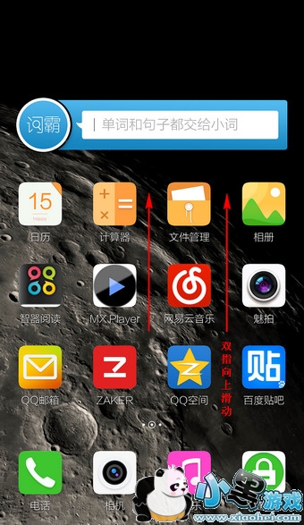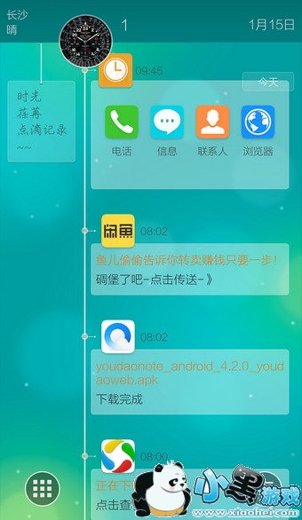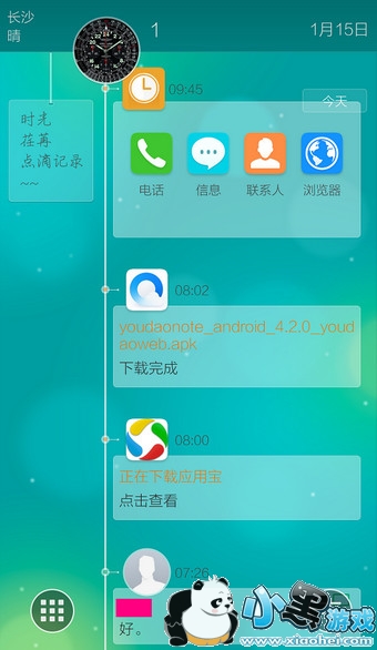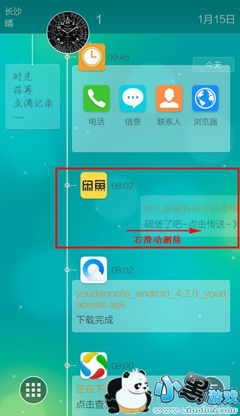 6.在时间桌面下,双指从屏幕中向下滑动即可退出时间桌面
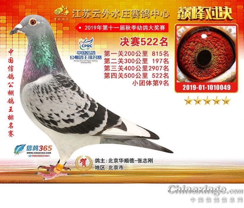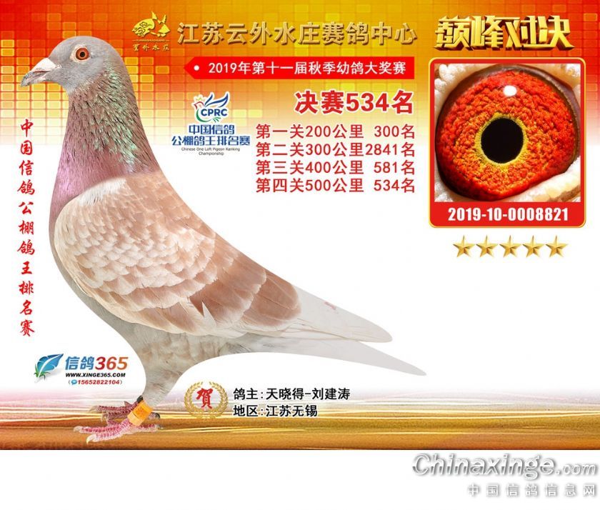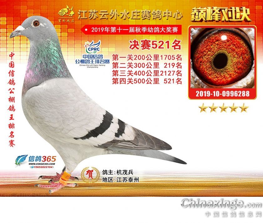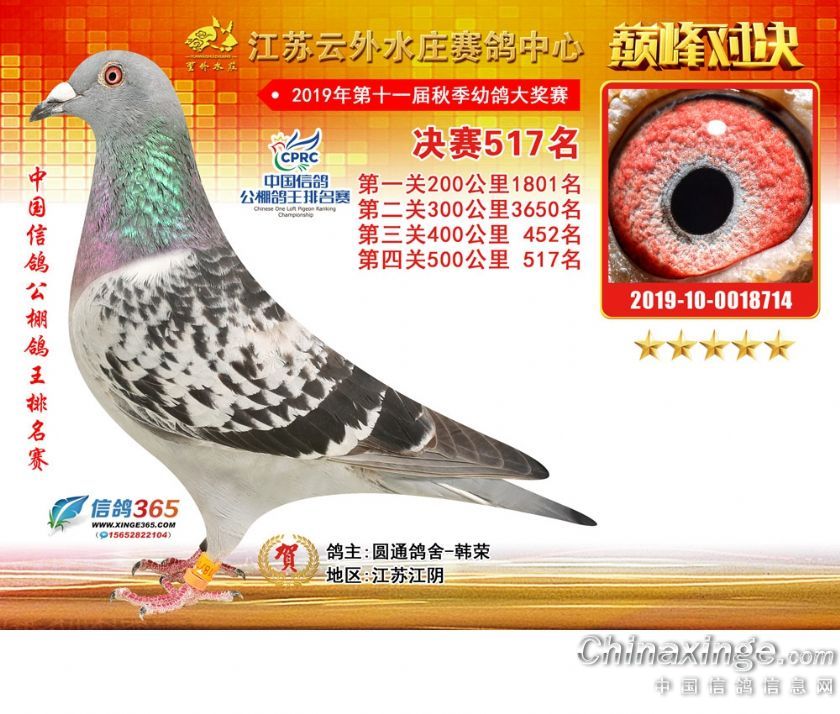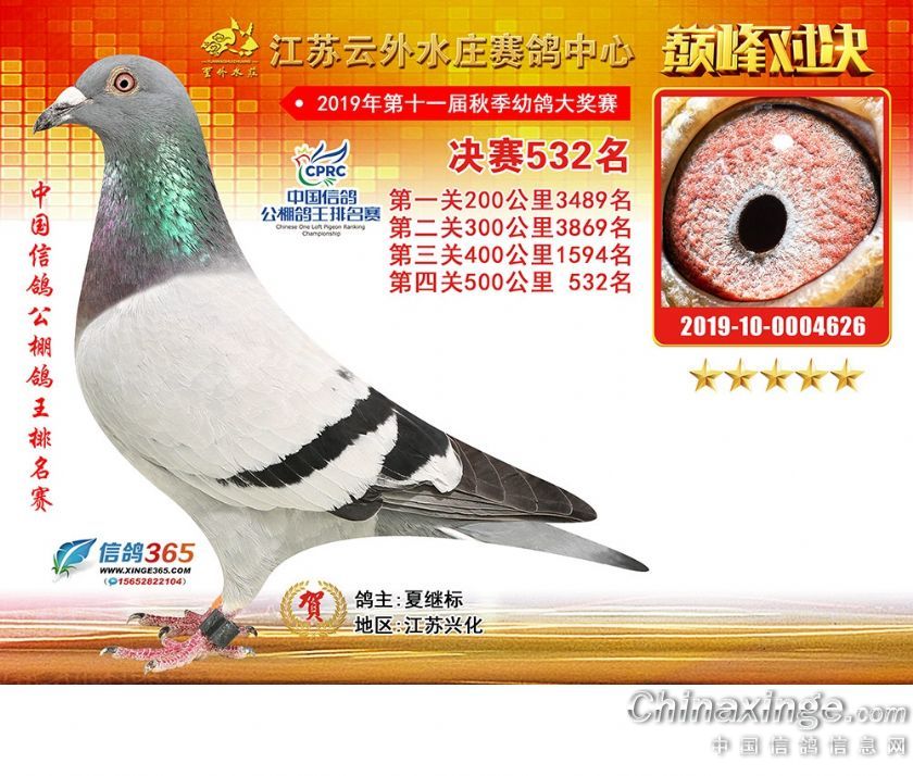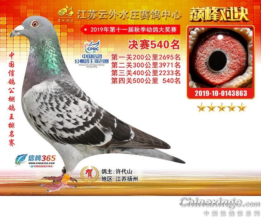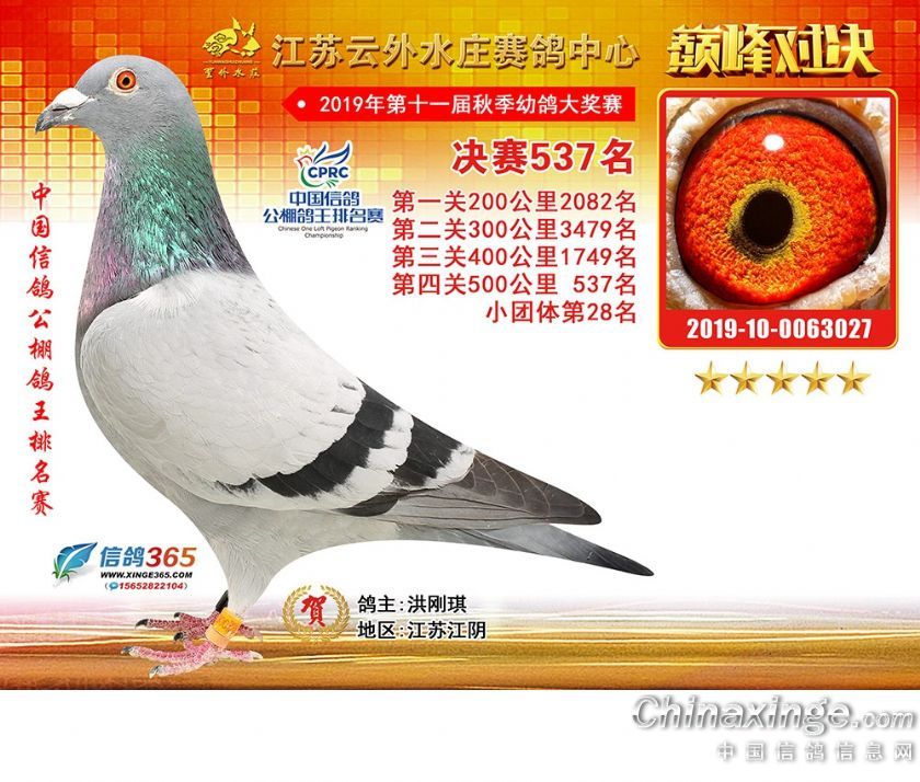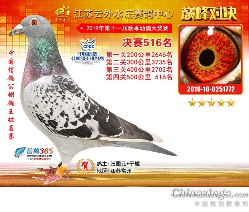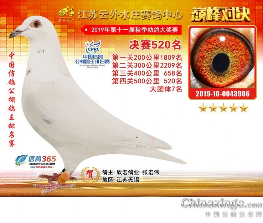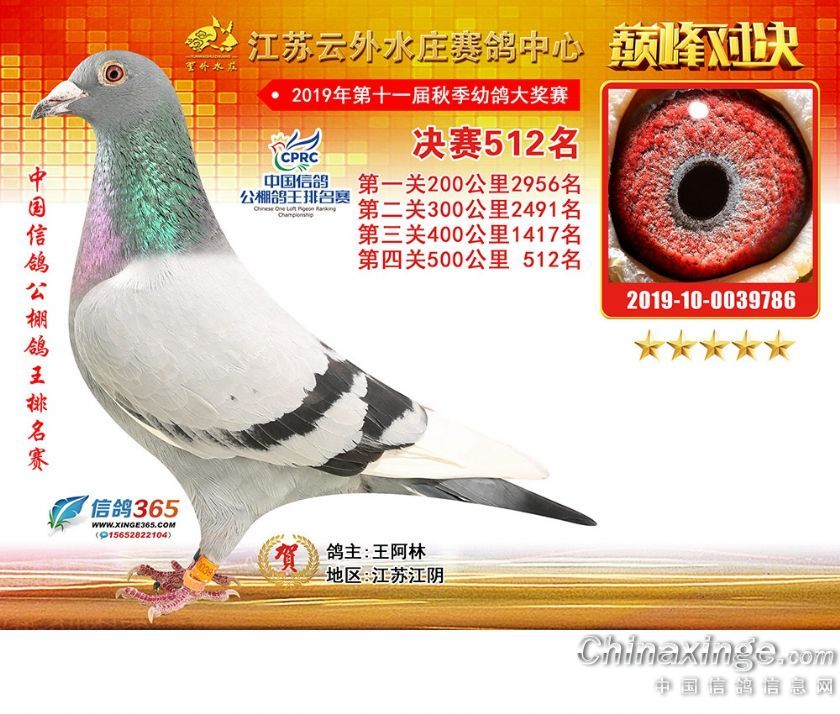 江苏云外水庄赛鸽中心2019年获奖鸽511-540名
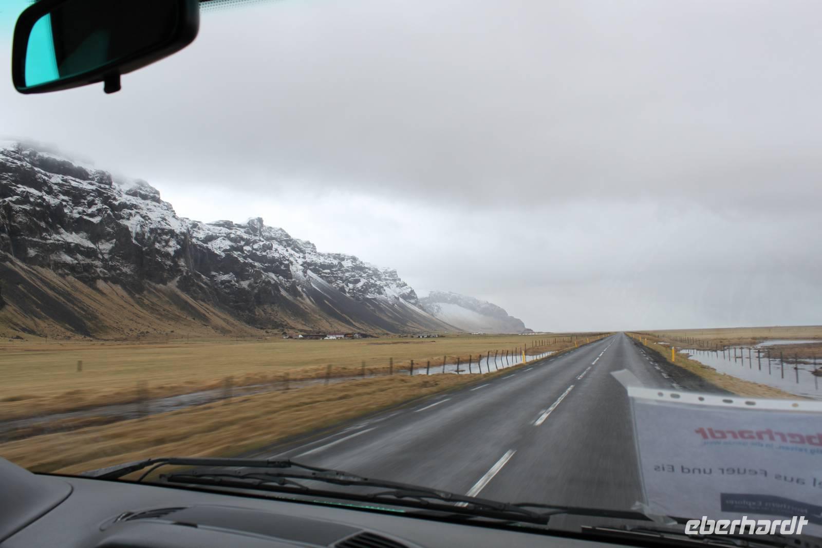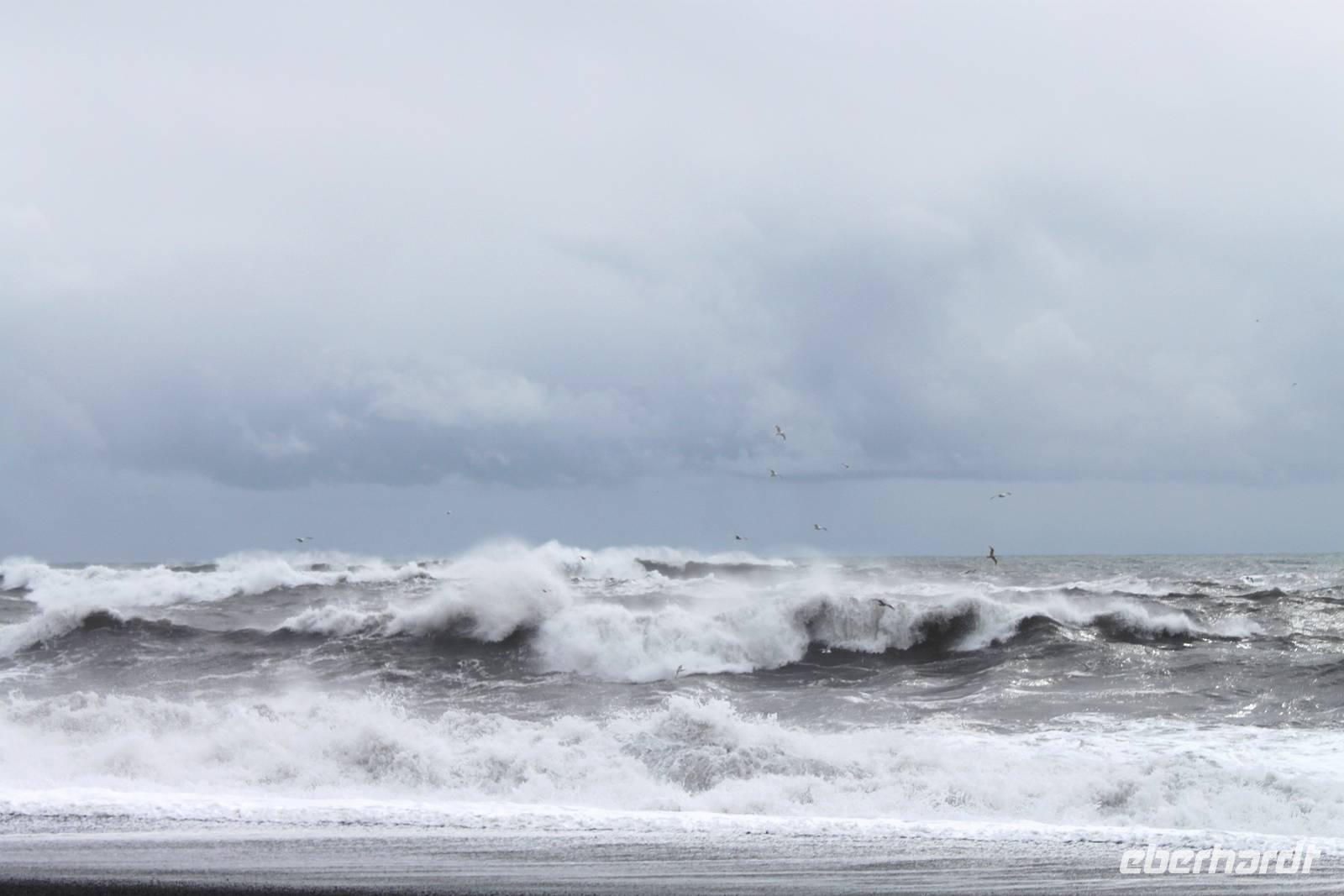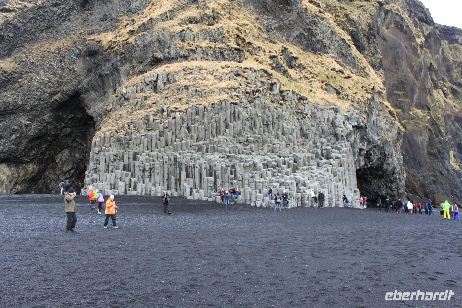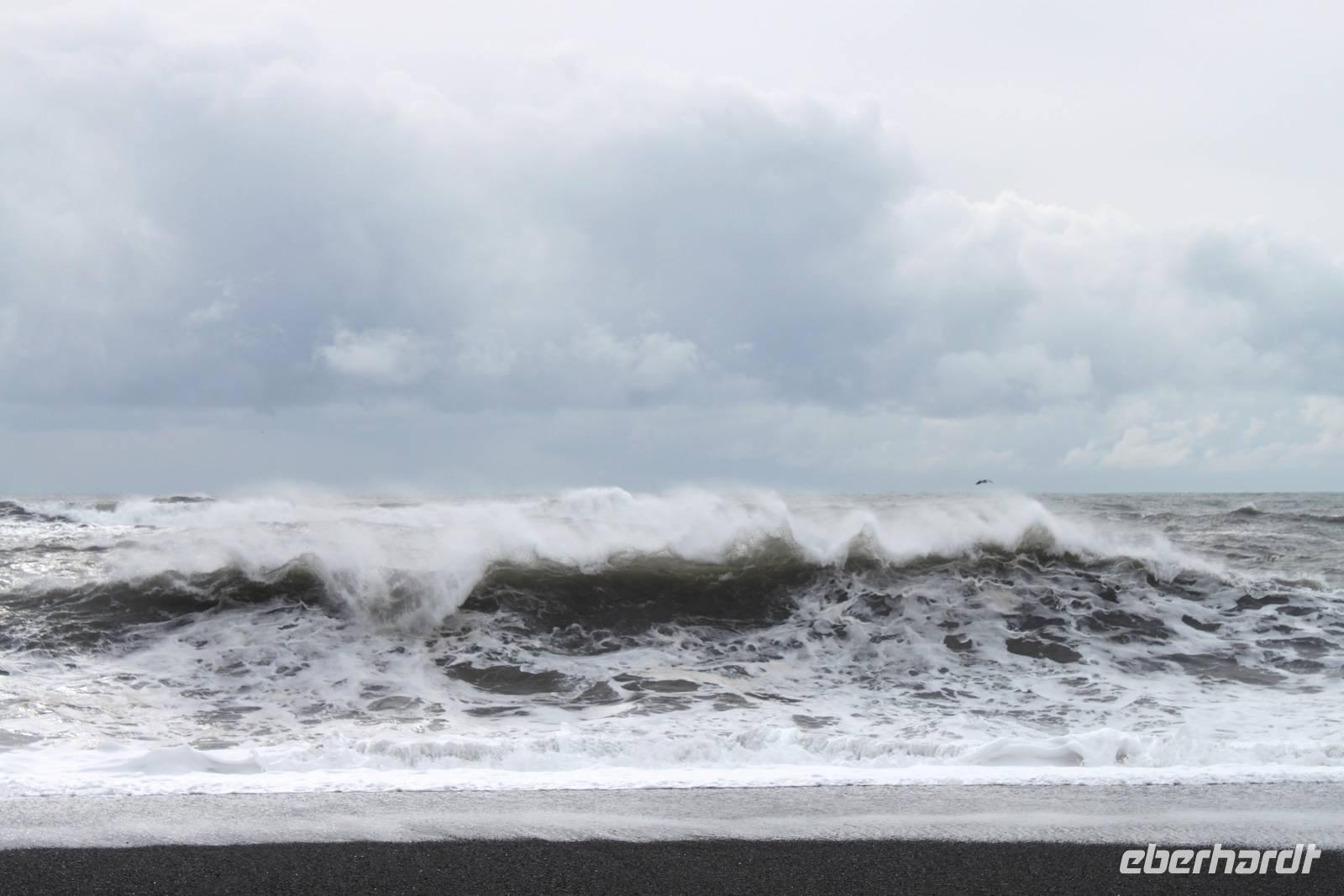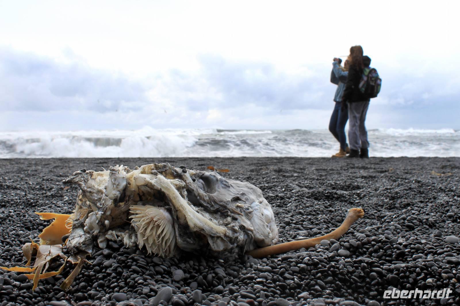 An diesem Tag besuchten wir Islands Südküste. Der Eyjafjallajökull, der 2010 für großes Aufsehen sorgte, war unser erstes Ziel für ein schnelles Foto. An einem Rastplatz habe ich vorher Trockenfisch gekauft, den wir auf der Fahrt zum Sólheimajökull probieren. Er schmeckt besser als gedacht, wird aber sich nicht unser Leibgericht. Der Sólheimajökull ist eine etwa zehn Kilometer lange Gletscherzunge die uns alle beeindruckt hat. Mittags hielten wir im kleinen Örtchen Vík und stärkten uns bevor es weiter zum schwarzen Sandstrand ging. Das Meer tobte und man musste darauf achten, dass man genügend Abstand zum unberechenbaren Wasser hielt. Der etwas andere Strand strotzte mit seinen hohen Felsen nur so vor Schönheit.
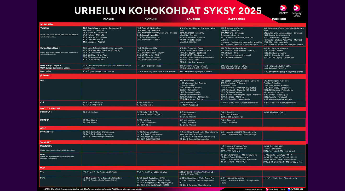 Viaplayn kanavilla riitttää elo–joulukuussa katsottavaa. Ota parhaimmat tapahtumat talteen oheisesta kalenterista ja seuraa mukana kanavilla!
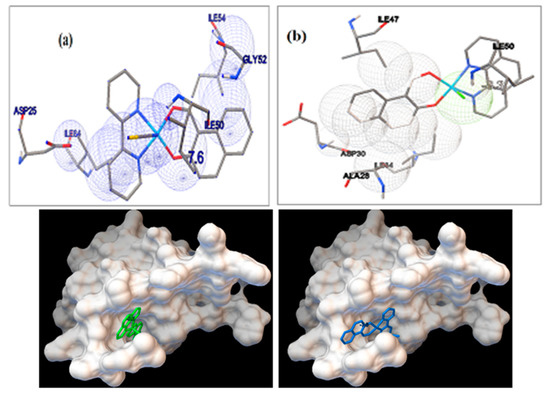 The upper panel shows the molecular docked model of C-1 (blue color) and C-2 (green color) in the HIV-1 protease active pocket. The enzyme is shown as a surface; the lower panel shows the best-docked conformation of C-1 (a) and C-2 (b) in the binding site of HIV-1.
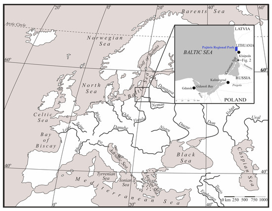 Southeast Baltic Graded Coast in Europe. Pajūris Regional Park is marked in blue.

→ **Task goal**
The listing above must be printed again exactly, minus its pictures.

→ **Output**
 6.在时间桌面下,双指从屏幕中向下滑动即可退出时间桌面
 江苏云外水庄赛鸽中心2019年获奖鸽511-540名
 An diesem Tag besuchten wir Islands Südküste. Der Eyjafjallajökull, der 2010 für großes Aufsehen sorgte, war unser erstes Ziel für ein schnelles Foto. An einem Rastplatz habe ich vorher Trockenfisch gekauft, den wir auf der Fahrt zum Sólheimajökull probieren. Er schmeckt besser als gedacht, wird aber sich nicht unser Leibgericht. Der Sólheimajökull ist eine etwa zehn Kilometer lange Gletscherzunge die uns alle beeindruckt hat. Mittags hielten wir im kleinen Örtchen Vík und stärkten uns bevor es weiter zum schwarzen Sandstrand ging. Das Meer tobte und man musste darauf achten, dass man genügend Abstand zum unberechenbaren Wasser hielt. Der etwas andere Strand strotzte mit seinen hohen Felsen nur so vor Schönheit.
 Viaplayn kanavilla riitttää elo–joulukuussa katsottavaa. Ota parhaimmat tapahtumat talteen oheisesta kalenterista ja seuraa mukana kanavilla!
 The upper panel shows the molecular docked model of C-1 (blue color) and C-2 (green color) in the HIV-1 protease active pocket. The enzyme is shown as a surface; the lower panel shows the best-docked conformation of C-1 (a) and C-2 (b) in the binding site of HIV-1.
 Southeast Baltic Graded Coast in Europe. Pajūris Regional Park is marked in blue.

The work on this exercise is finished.